Use Python 3.8 or later and install a PyTorch/torchaudio pair that matches your CUDA runtime. If CUDA is not configured, start with CPU to verify the workflow first:
```bash
funasr-server --model sensevoice --device cpu
```
After the CPU smoke test works, switch to CUDA:
```bash
funasr-server --model sensevoice --device cuda
```
## Model download is slow or fails. What should I check?
FunASR models are available from ModelScope and Hugging Face. Choose the hub that is fastest in your network environment, and make sure the machine can reach it before debugging model code.
Common checks:
```bash
python -c "import torch; print(torch.__version__, torch.cuda.is_available())"
python -c "import funasr; print(funasr.__version__)"
```
If a model is already downloaded on another machine, use the local model path instead of the remote model name.

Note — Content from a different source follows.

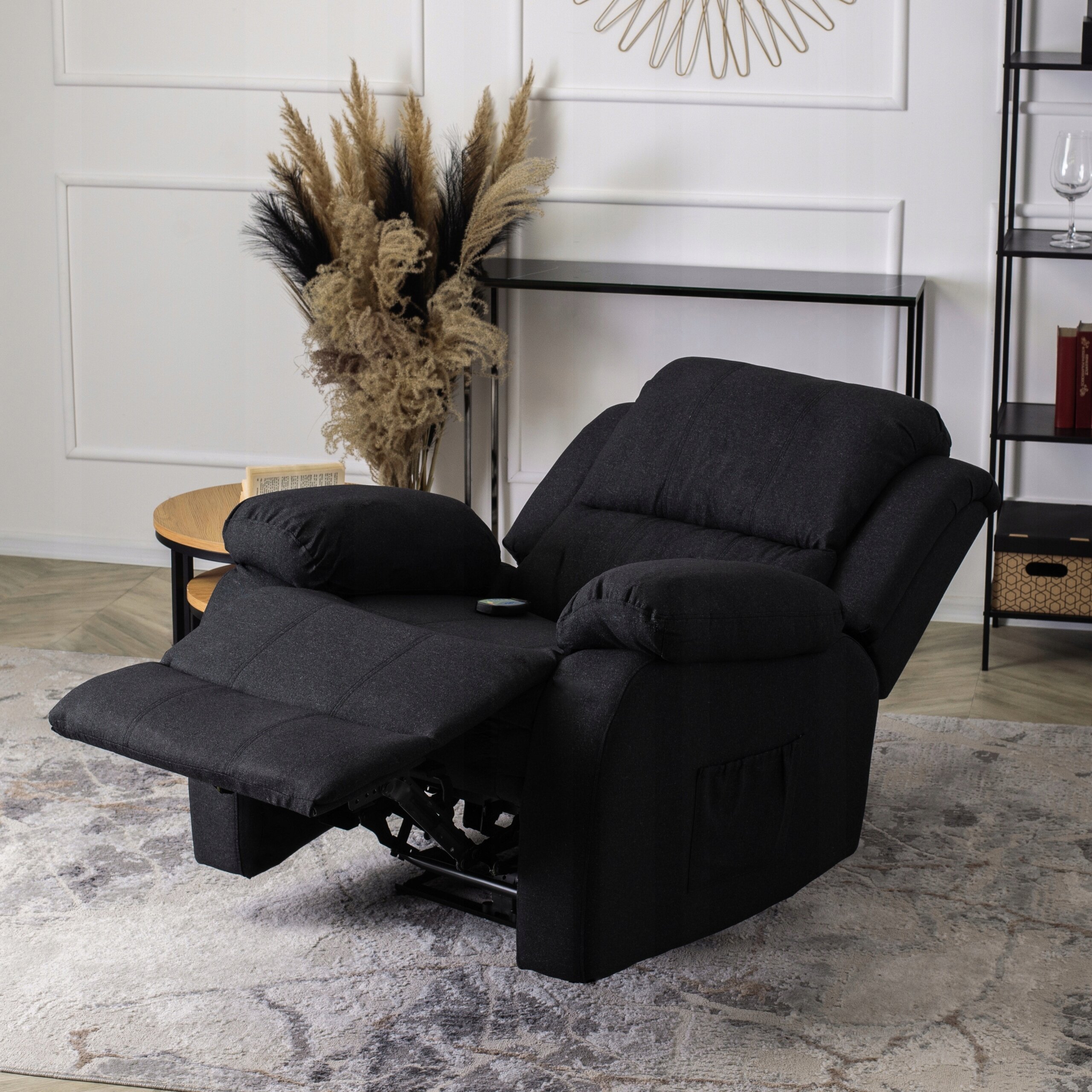 Fotel Masujący Elektryczny Rozkładany Tkanina Wypoczynkowy Czarny BONO 2

## `funasr-server` says FastAPI or multipart packages are missing
Install the server dependencies:
```bash
pip install fastapi uvicorn python-multipart
```
Then start again:
```bash
funasr-server --model sensevoice --device cuda
```
## Port 8000 is already in use
Start the service on another port:
```bash
funasr-server --model sensevoice --device cuda --port 9000
```
Then point clients to the new base URL:
```bash
curl http://localhost:9000/health
```
## How do I verify the OpenAI-compatible API quickly?
Start the server:
```bash
funasr-server --model sensevoice --device cuda
```
In another terminal:
```bash
curl -L https://isv-data.oss-cn-hangzhou.aliyuncs.com/ics/MaaS/ASR/test_audio/BAC009S0764W0121.wav -o sample.wav
curl http://localhost:8000/v1/audio/transcriptions \
-F file=@sample.wav \
-F model=sensevoice \
-F response_format=verbose_json
```
The response should include `text`. With `verbose_json`, supported models may also return segment-level information.

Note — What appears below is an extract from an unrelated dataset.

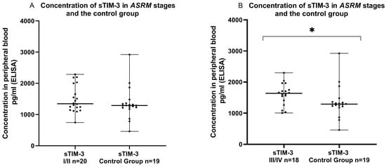 2.12. Concentration of sTIM-3 in Plasma of Patients with Early (I/II) and Late (III/IV) ASRM Stages of EMS and the Control Group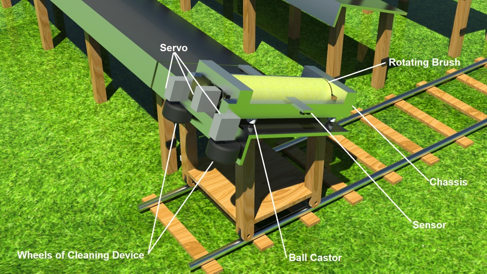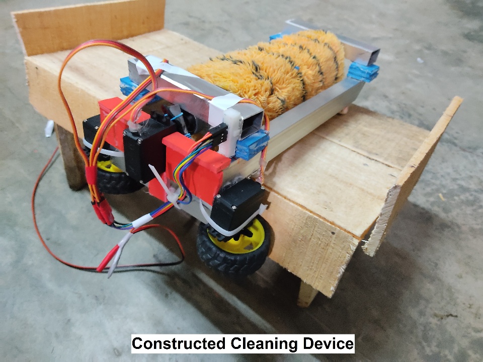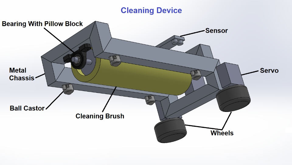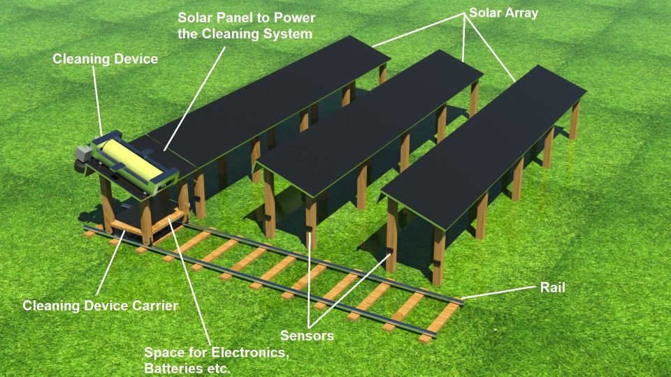 The usage of renewable energy is increasing rapidly worldwide and solar energy is at the top of them. One of the main challenges of a solar farm is to keep the surface of the solar arrays clean so that the maximum amount of solar energy can enter the solar cells. Currently, different technologies are being used to clean solar panels at larger solar plants which have many limitations like required manual labor or required cleaning device for every solar row. In this project, a solar-powered automated cleaning system is designed that not only can clean a single row of an array but can transfer itself to another row for cleaning purposes. The system is composed of 2 main parts: the cleaning device itself and a transporting mechanism for the cleaning device to move the cleaning device between the rows. The cleaning device with the help of a rotating brush can clean a single row of an array and the transporting mechanism, a trolly-like structure, can transfer the device to the next row of the array using rails. This feature will minimize the need for manual transfer of the device between rows or installing a device in every row, thus the designed system will make the process fast, uninterrupted, and fully automated. The carrier has a solar panel installed to power the cleaning system. Furthermore, this system will open the possibilities for many customizations like switching between wet and dry cleaning of the arrays.

## How do I run the OpenAI-compatible API with Docker Compose?
Use the example Compose setup when you want a reproducible local smoke test before wiring the API into a product or agent workflow:
```bash
cd examples/openai_api
cp .env.example .env
docker compose up --build
```
Then verify it from another terminal:
```bash
BASE_URL=http://localhost:8000 bash smoke_test.sh
```
The example container defaults to `FUNASR_DEVICE=cpu` so it can start on machines without NVIDIA Container Toolkit. For CUDA, first adapt the image to use CUDA-capable PyTorch/FunASR dependencies, then set `FUNASR_DEVICE=cuda`.
See also:
- [OpenAI API example](../../examples/openai_api/)
- [Client recipes](../../examples/openai_api/CLIENTS.md)
- [Deployment matrix](../deployment_matrix.md)
## Docker starts but `/health` or transcription fails
Check the container logs first:
```bash
docker compose logs -f funasr-api
```
Common causes:
- The first startup is still downloading or loading the model.
- Port 8000 is already in use; set `FUNASR_HOST_PORT=9000` in `.env` and use `BASE_URL=http://localhost:9000`.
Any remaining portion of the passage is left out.